AWS Serverless - Feature Flags

AWS Serverless - Feature Flags

Background of this project

Lately, I was implementing a feature flags functionality to enable us selectively deliver new features to users. Also, the whole system uses AWS serverless architecture, including API Gateway, Lambda, and DynamoDB.

I assume you are familiar with API Gateway custom authroiser and DynamoDB.

There are many options you can implement feature flags, we explore two approaches in this article and compare them.

Solutions

We have two approaches to implementing feature flags. Let's start with the easiest one.
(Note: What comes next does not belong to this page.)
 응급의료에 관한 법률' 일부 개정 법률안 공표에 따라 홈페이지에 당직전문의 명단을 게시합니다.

1. Retrieve and verify in custom authroiser

The simplest solution is, we retrieve and verify the user's feature flags in the custom authroiser. With this approach, each time a user access an API, we validate the request with the latest feature flags. That means when we turn on a feature flag for a user, that user can access the new feature instantly.
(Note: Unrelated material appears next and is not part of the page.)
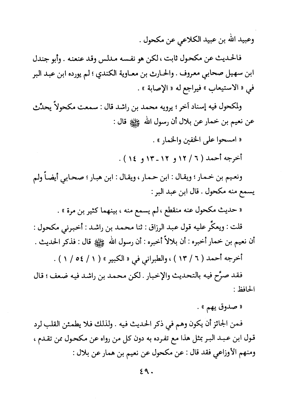 فمن الجائز أن يكون وهم في ذكر الحديث فيه. ولذلك فلا يطمئن القلب لرد قول ابن عبد البر بمثل هذا مع تفرده به دون كل من رواه عن مكحول ممن تقدم، ومنهم الأوزاعي فقد قال: عن مكحول عن نعيم بن همار عن بلال:

The architecture as follows:
ff-general

Pros:

  • Turning off/on feature flags always reflects instantly.
  • The implementation is straight-forward.

Cons:

  • Adding an extra latency in the custom authroiser to retrieve feature flags.
  • The latency in custom authroiser impacts all APIs.

2. Retrieve from JWT and verify in customer authroiser

Wicked! This is the most interesting part. In order to overcome the extra latency in the customer authoriser, we embed the feature flags in JWT which users got when they logged in. When a user access an API, we validate the feature flags in JWT. By doing so, we only need to retrieve the feature flags from the database when a user login. That means we remove the extra latency in the custom authoriser. But, the disadvantage is if we turn on/off a feature flag and want it to take effect immediately, we need to invalidate the JWT of the user.

The architecture as follows:
ff-with-jwt
Pros:

  • No extra latency in the custom authroiser.
  • Less performance overhead.

Cons:

  • The implementation is slightly complicated since you need to invalidate the JWT of a user when you want to refresh the feature flags.
  • Turning off/on feature flags doesn't reflect directly. However, the user must log in again and get the new JWT.

Database Design

We use DynamoDB as our database to store feature flags. Below is the schema of the FeatureFlags DynamoDB table.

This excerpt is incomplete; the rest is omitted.